Но на самом деле, помимо этих трудностей и фрагментарных подсказок, на пути моих размышлений о том, как следует изобразить апельсиновый сад, было еще одно препятствие, о котором я пока пытался не думать; в трактате «Хагига» сказано, что, побывав в этом саду, рабби Элиша стал «вырывать растения»[90]90
Вавилонский, «Хагига» 15:1.
[Закрыть]. Достаточно очевидно, что это утверждение можно истолковать двояко. Возможно, по какой-то неизвестной причине рабби Элиша возненавидел этот сад и сделал его уничтожение одной из главных целей своей жизни; подобное объяснение, впрочем, повисало в воздухе из-за абсолютной несопоставимости единичного человека и сада божественных тайн. В противном же случае эту строчку можно было истолковать в том смысле, что рабби Элиша неожиданно понял, что этого сада нет, нет ни мрамора, ни беседки, ни великого ангела Метатрона, и поставил своей целью разрушить это прекрасное и смертельное видение, которому посвятил свою жизнь. Но еще более вероятно, что оба этих объяснения верны, но только отчасти – и рабби Элиша возненавидел этот сад за то, что он прекрасен, и за то, что его нет; он коснулся дерева, и кровь потекла по его руке; он посмотрел на землю и пожалел, что не сошел с ума на мраморных ступенях, как его друг рабби бен Зома. Пока, впрочем, это была только гипотеза; чуть позже я нашел дополнительные фрагменты, которые сделали эту гипотезу наиболее правдоподобной.
Впрочем, мой роман все это продвинуло в очень небольшой степени; в тот день, когда я пытался представить себе рабби Элишу, вырубающего несуществующий сад, жгущего ветки и плачущего от едкого дыма костра, я почти ничего не написал. Я сделал каталожные карточки со ссылками на все известные мне упоминания рабби Элиши в обоих Талмудах и других ранних источниках и разложил их пасьянсом; но пасьянс так и не сошелся, цельное видение, о котором я мечтал, так и не родилось. К тому же я знал, что к четырем мне нужно быть в редакции, и пульсирующее чувство нехватки времени постоянно примешивалось к движению моих мыслей. Около двух я окончательно понял, что сегодня уже ничего не напишу, сколько бы я не пытался заставить себя это делать, вымылся, пообедал и поехал в центр.
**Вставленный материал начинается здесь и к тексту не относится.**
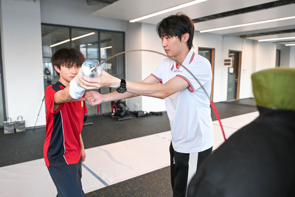 ↑2025年6月19日,广东现代五项运动协会教练员肖勇炫(右)纠正广州市中黄港澳子弟学校港籍生张嗣涛击剑技术细节。新华社记者 肖恩楠 摄
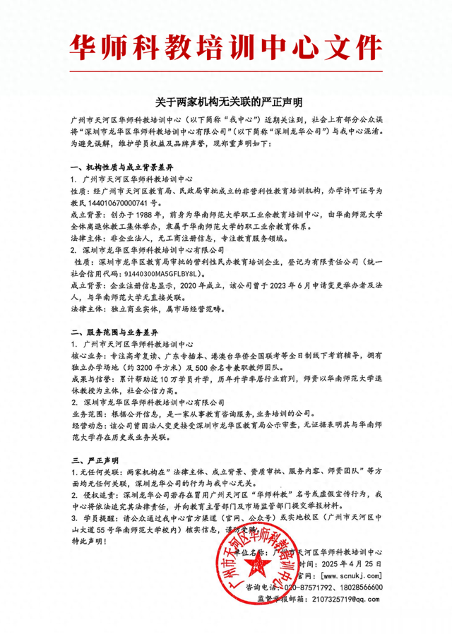 1.无任何关联:两家机构在”法律主体、成立背景、资质审批、服务内容、师资团队”等方面均无任何关联,深圳龙华公司的行为与我中心无关。2.侵权追贵:深圳龙华公司若存在冒用广州天河区“华师科教”名号或虚假宣传行为,我中心将依法追究其法律责任,并向教育主管部门及市场监管部门提交举报材料。3.学员提醒:请公众通过我中心官方渠道(官网、公众号)或实地校区(广州市天河区中山大道55 号华南师范大学校内)核实信息
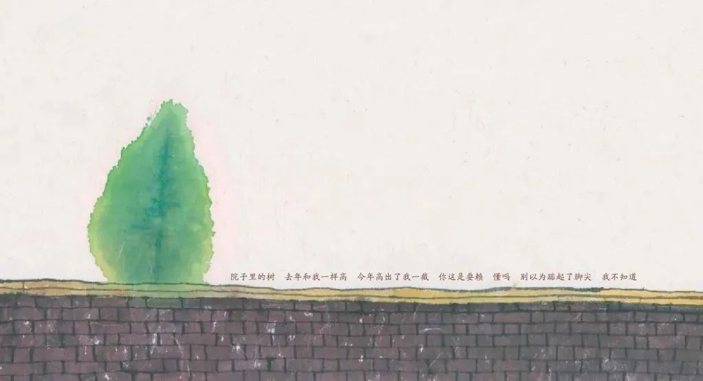 这次的“命题作画”,对画家来说是一次理解与想象的挑战。他尝试着走进每一首诗里,跟着诗游走观景,与诗人的想象一起碰撞,让自己做回孩子。图画创作经过了三年的打磨,最后的呈现令人惊喜:水墨风格的画面将散落的诗歌串联起来,构成了一幅美丽的生活画卷——那便是诗歌生长的地方。
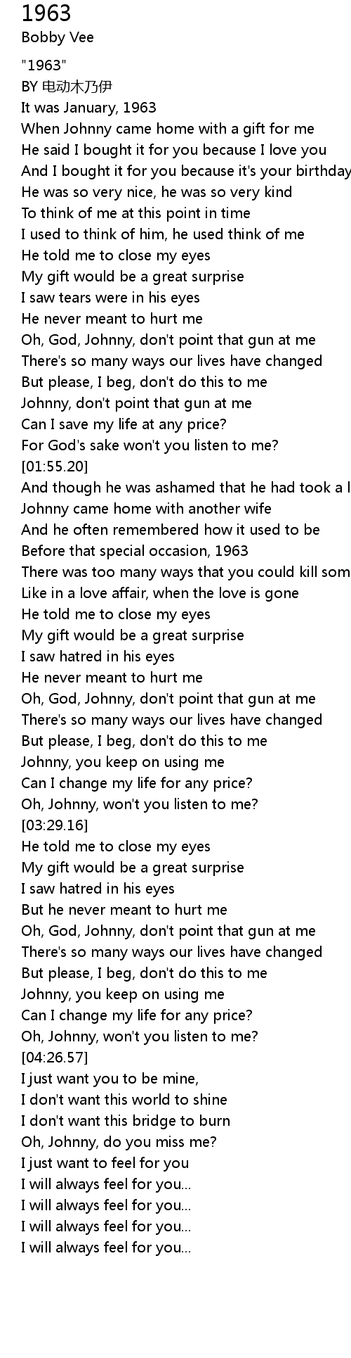 | [04:38.67] | Oh, Johnny, do you miss me? |

Статья про рабби Элишу, которую я должен был сегодня отдать, писалась для какого-то безымянного сборника, издававшегося на средства Джойнта, и была закончена уже давно. Но совершенно сознательно я не стал отвозить ее еще месяц назад, как-то обнаружив, что работа, сделанная быстро, вызывает необоримое искушение вернуть ее на доработку. Необходимость тянуть волынку и создавать видимость продолжительной деятельности меня раздражала, но, впрочем, не чрезмерно.
Перед выездом я позвонил в редакцию сборника, чтобы сказать, что буду вовремя, и получить подтверждение того, что сумма, о которой мы договаривались, не изменилась. Впрочем, до денежных вопросов дело так и не дошло; получив статью и поблагодарив, «начальник проекта» объяснил мне, что заплатить они сейчас не смогут, поскольку какой-то фонд не перевел деньги, и денег пока нет, но они обязательно появятся в недалеком будущем. В переводе на нормальный язык это означало, что деньги уже заплачены кому-нибудь из родственников или приятелей за несуществующую «деятельность», и их теперь придется долго и мучительно выбивать. Я мрачно посмотрел на него; он продолжал улыбаться, и его лицо было самодовольным, важным и вороватым. Впрочем, в любом случае, я писал это не ради денег. Другое дело, что эти переговоры вконец испортили мне настроение, а подумав о том, что все это время я мог бы писать свой роман про рабби Элишу, я разозлился. Но раздражение вскоре прошло, и вместо того, чтобы ехать домой, я поехал в Тель-Авив, к морю. Начинало смеркаться, и белый песчаный берег лежал под ногами широким ковром, уходящим в полутьму. Было холодно, купальный сезон уже кончился, и спасательные вышки стояли пустыми; но, просидев полчаса в полутьме берега и удивившись почти полному штилю, столь редкому в Средиземноморье, я все равно пошел купаться. Выйдя из воды, я заметил, что взошла луна.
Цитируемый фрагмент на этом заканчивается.